SECTION B – Descriptive / Analytical Questions (Any 3 × 10 = 30 Marks)
a. Explain the significance of mathematical models in BI. Discuss types, applications, and impact on decision accuracy.
b. Detailed analysis of OLAP (Online Analytical Processing): tools, applications, and examples.
c. Overview of Principal Component Analysis (PCA) – principles, applications, and benefits in dimensionality reduction.
d. Discuss the Iris dataset, its significance, and its use in machine learning and statistics.
e. Discuss the role of Business Process Management (BPM) in BI implementation and organizational optimization.
SECTION C – Long Answer / Case-Based (Each 10 Marks)
Q3. Real-Time BI
a. Discuss the challenges and advantages of Real-Time BI systems and their impact on operational efficiency.
b. Explain the historical evolution of Business Intelligence and key technological milestones.
Q4. Data Warehousing
a. Explain principles of data modeling in Data Warehousing and its role in information retrieval.
b. Discuss Star Schema and Snowflake Schema with diagrams and differences.
Q5. Data Quality and Reduction
a. Explain the principles of Data Validation and its importance in ensuring accuracy and reliability.

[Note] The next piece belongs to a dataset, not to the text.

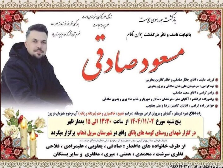 یکم بهمن ۱۴۰۴؛ «مسعود صادقی»، جوان ۳۷ ساله کُرد اهل شهرستان «سرپلذهاب» از توابع استان کرمانشاه، هویت یکی دیگر از جانباختگان اعتراضات مردمی ۱۹ دی در تهران است که با گلوله جنگی نیروهای سرکوب جمهوری اسلامی کشته شده است.

b. Discuss Data Reduction techniques — Sampling, Selection, and PCA — and how they help in efficient analysis.
Q6. Analytics
a. Describe analytical techniques used in Descriptive Analytics — statistical methods and visualization tools.
b. Explain Predictive Analytics: its methodologies, algorithms, and forecasting applications.
Q7. Monitoring and Root Cause
a. Explain Root Cause Analysis principles and methodologies in BI.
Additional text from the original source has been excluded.